The record also supports ACA’s position that two rules related to the compatibility of cable systems with outdate consumer equipment should be eliminated.
The NPRM in this proceeding also touched on the issue of allowing electronic delivery of broadcast carriage election notices to MVPDs. ACA expressed support for proposals by NCTA and Verizon that would require broadcast stations to send electronic carriage notices to an e-mail address designated by each MVPD.
To ensure that broadcast stations are aware of the correct e-mail address to which they should send their notices, MVPDs would be required to post a dedicated e-mail address in their online public inspection file. Cable systems that are exempt from the FCC’s public inspection file rules would be required to post their dedicated e-mail addresses to their COALS profile.

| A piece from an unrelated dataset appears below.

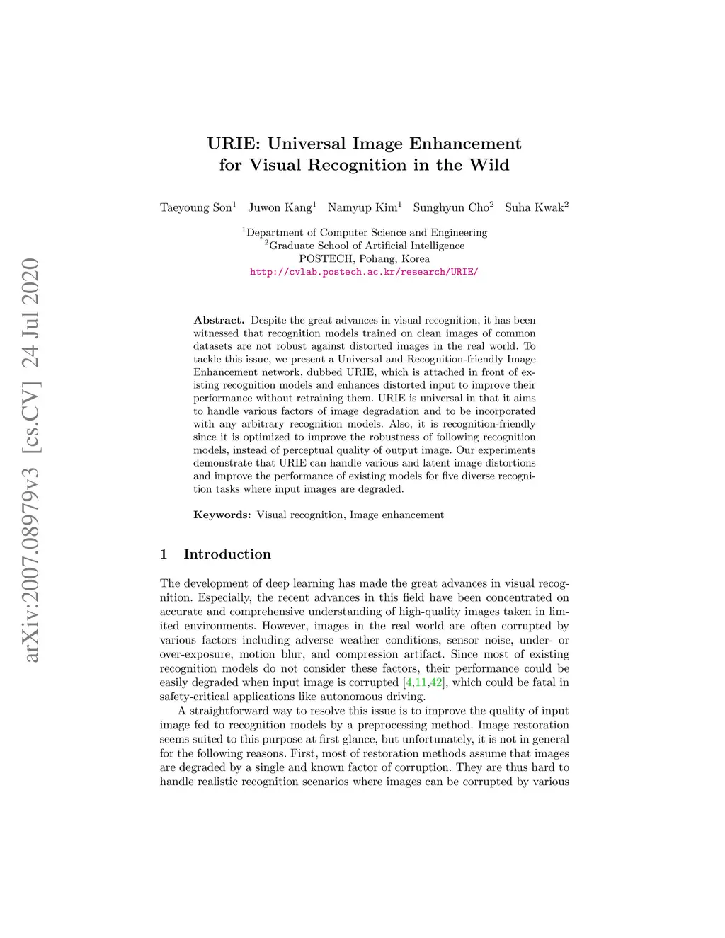 Despite the great advances in visual recognition, it has been witnessed that recognition models trained on clean images of common datasets are not robust against distorted images in the real world. To tackle this issue, we present a Universal and Recognition-friendly Image Enhancement network, dubbed URIE, which is attached in front of existing recognition models and enhances distorted input to improve their performance without retraining them. URIE is universal in that it aims to handle various factors of image degradation and to be incorporated with any arbitrary recognition models. Also, it is recognition-friendly since it is optimized to improve the robustness of following recognition models, instead of perceptual quality of output image. Our experiments demonstrate that URIE can handle various and latent image distortions and improve the performance of existing models for five diverse recognition tasks when input images are degraded.
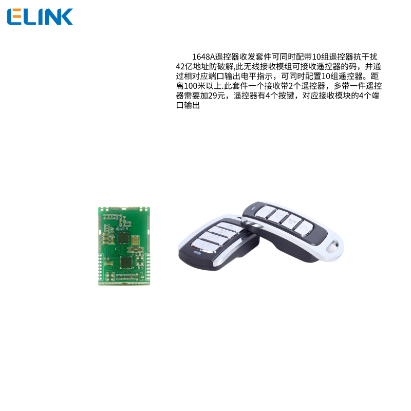 EL_1648A 系列是一款低成本,高性能的 FSK 無(wú)線(xiàn)透明數(shù)據(jù)收發(fā)模塊。此無(wú)線(xiàn)接收模組可接收遙控器的碼,并通過(guò)相對(duì)應(yīng)端口輸出電平指示,可同時(shí)配置10組遙控器。

ACA also proposed that broadcasters be required to copy an FCC-hosted e-mail address on their electronic notices so that the FCC could confirm that stations have met their obligations to send completed notices to the correct e-mail address in a timely fashion.
To further ease burdens on broadcasters, ACA also supported NCTA’s proposal to allow broadcasters to send a single notice to each MVPD in a designated market area, rather than sending separate notices to each individual system, as currently required.
ACA objected to proposals, set forth by multiple broadcasters, that stations be permitted to fulfill their notice obligations by posting their election notices in their online public inspection file.
ACA also objected to proposals that would change the cable carriage election default from must carry to retransmission consent.